It was emotional. And raw. At one point, a friend walked up to put her arm around me and said, “Are you okay? You seem really . . . sad.”

And then I was embarrassed. My carrying-on may have prompted family and friends to think I was devastated by my sister’s nuptials, which just wasn’t true — but it was too complicated to explain. In that moment, I couldn’t begin to articulate the swirl of feelings in my heart.

It was happiness. Of course.

But also sadness.

And fear.

And anxiety.

And joy.

And wonder.

And hope.

It was everything, really, and also nothing. As I stood on the steps with the other bridesmaids, waiting for my turn to walk down the aisle, I felt an odd zen that I was in the right place at the right moment . . . that there was nowhere else I could possibly be.

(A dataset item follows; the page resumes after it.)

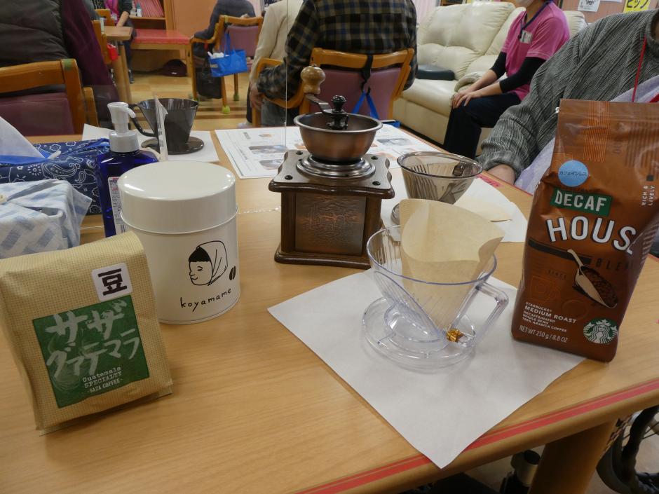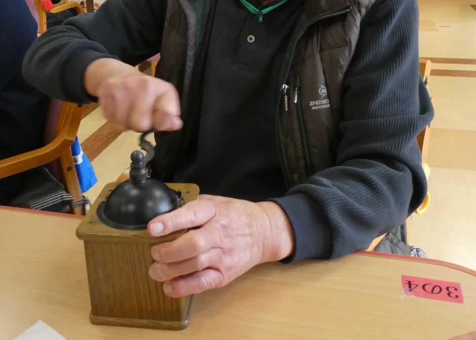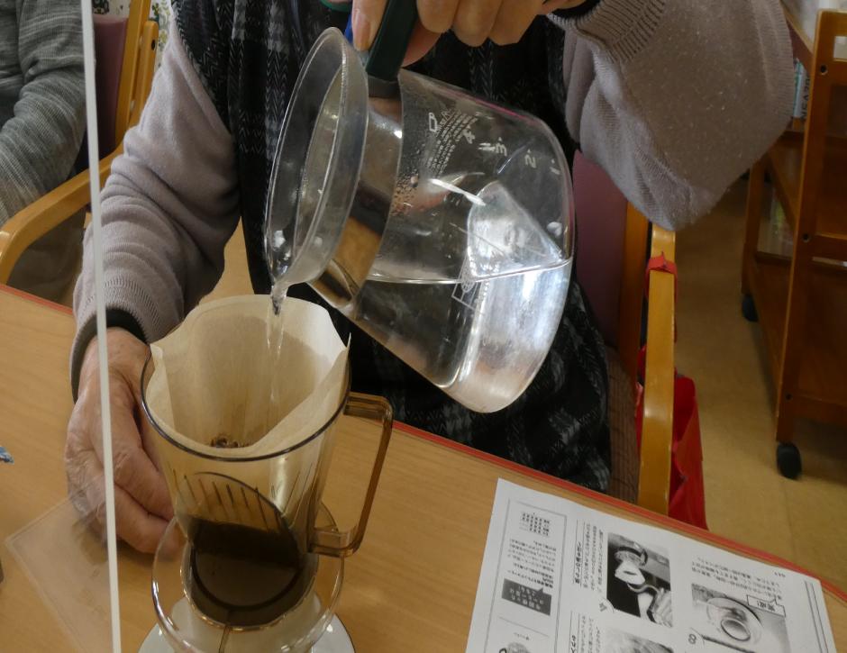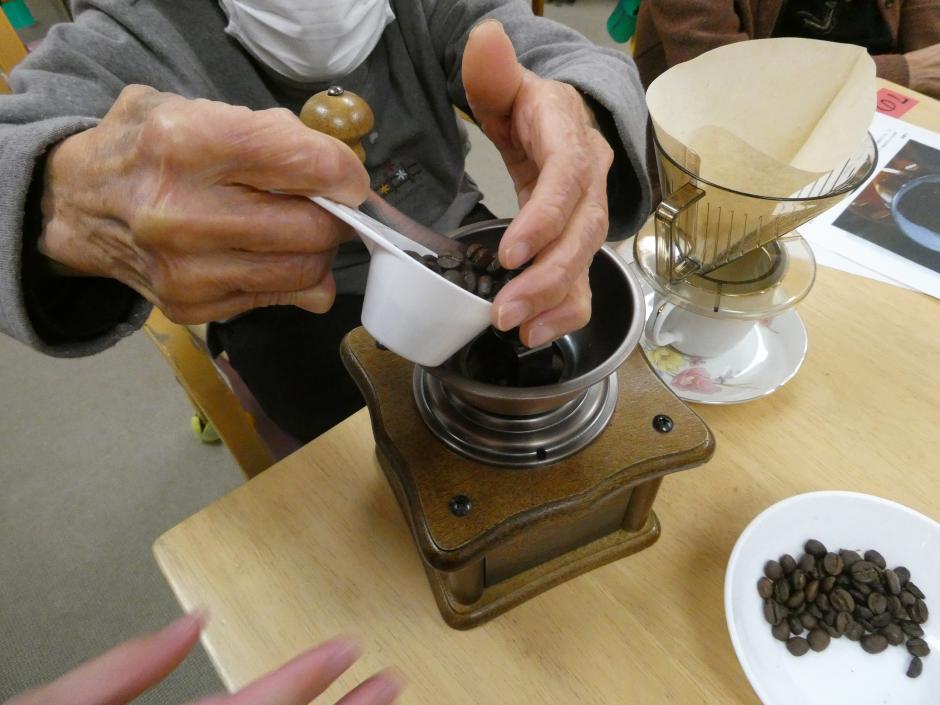 コーヒーミルを回す際には力が必要で利用者様同士、協力しながら美味しいコーヒーを淹れることが出来ました。また、若い頃に喫茶店に通った思い出話をして利用者様同士、会話が弾んでいました。
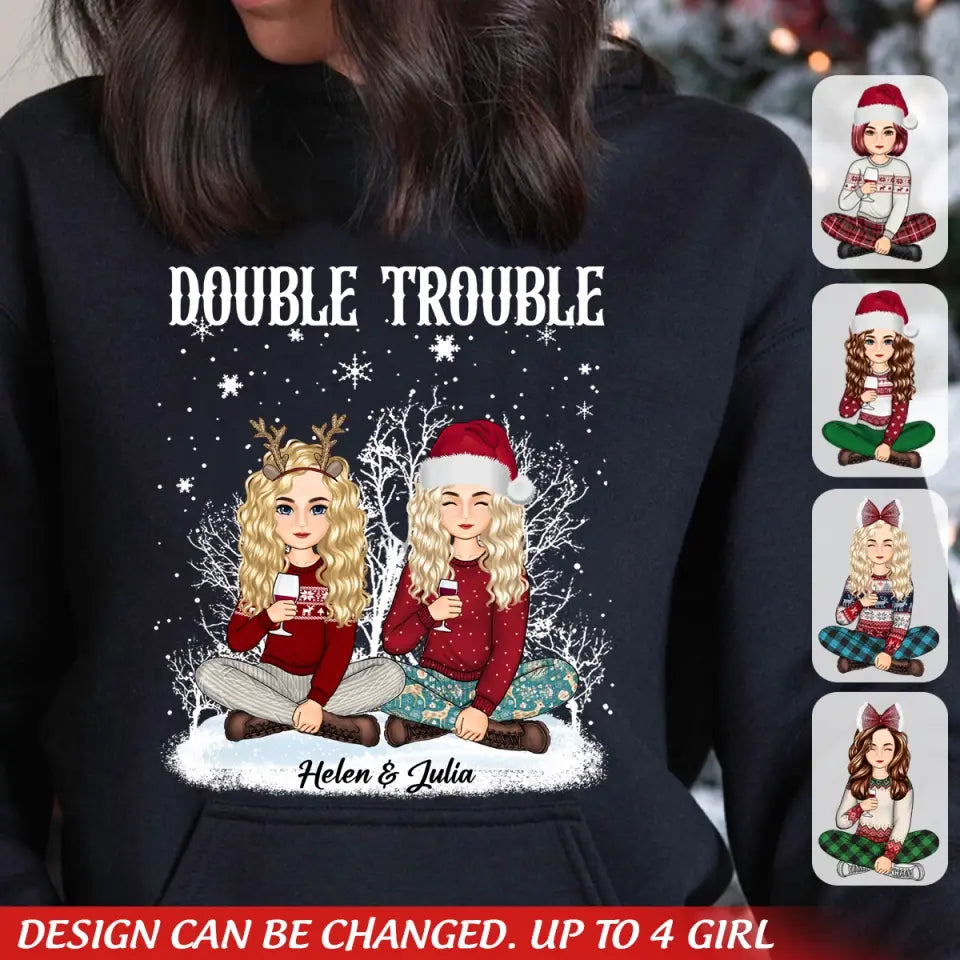 Personalized Bestie Double Trouble Girl Xmas Hoodie 2D Printed PTN23840

And then I panicked, thinking I wanted to run and retreat into the night. I wanted to turn the clock back a day, a week, a year or three. Maybe then my sister and I would be back home in our pajamas, back when we were freshly engaged and just beginning to plan our dual weddings. Or further, back when I was home late from work in college and Katie was waiting up for me. Or much further, back and back, back to when we were kids with an entire summer day to do nothing but play Uno and watch the Nickelodeon line-up and play Barbies.

But we were there together in our too-high heels, all grown up. Katie with her hands in Eric’s. Me white-knuckle clutching a bouquet, squinting in the sunshine.

And then it was over. He was kissing the bride.

It went so fast. It all went too fast.

I’ve been in a bit of a turmoil this week, honestly. An existential crisis, perhaps. I haven’t even been reading much. My own wedding is six weeks away and there is much to do, but I haven’t felt like plunging right back into the wedding cauldron. Spence and I have made inroads in lots of areas and life is still busy busy, busy as ever, but I feel a little detached from it all.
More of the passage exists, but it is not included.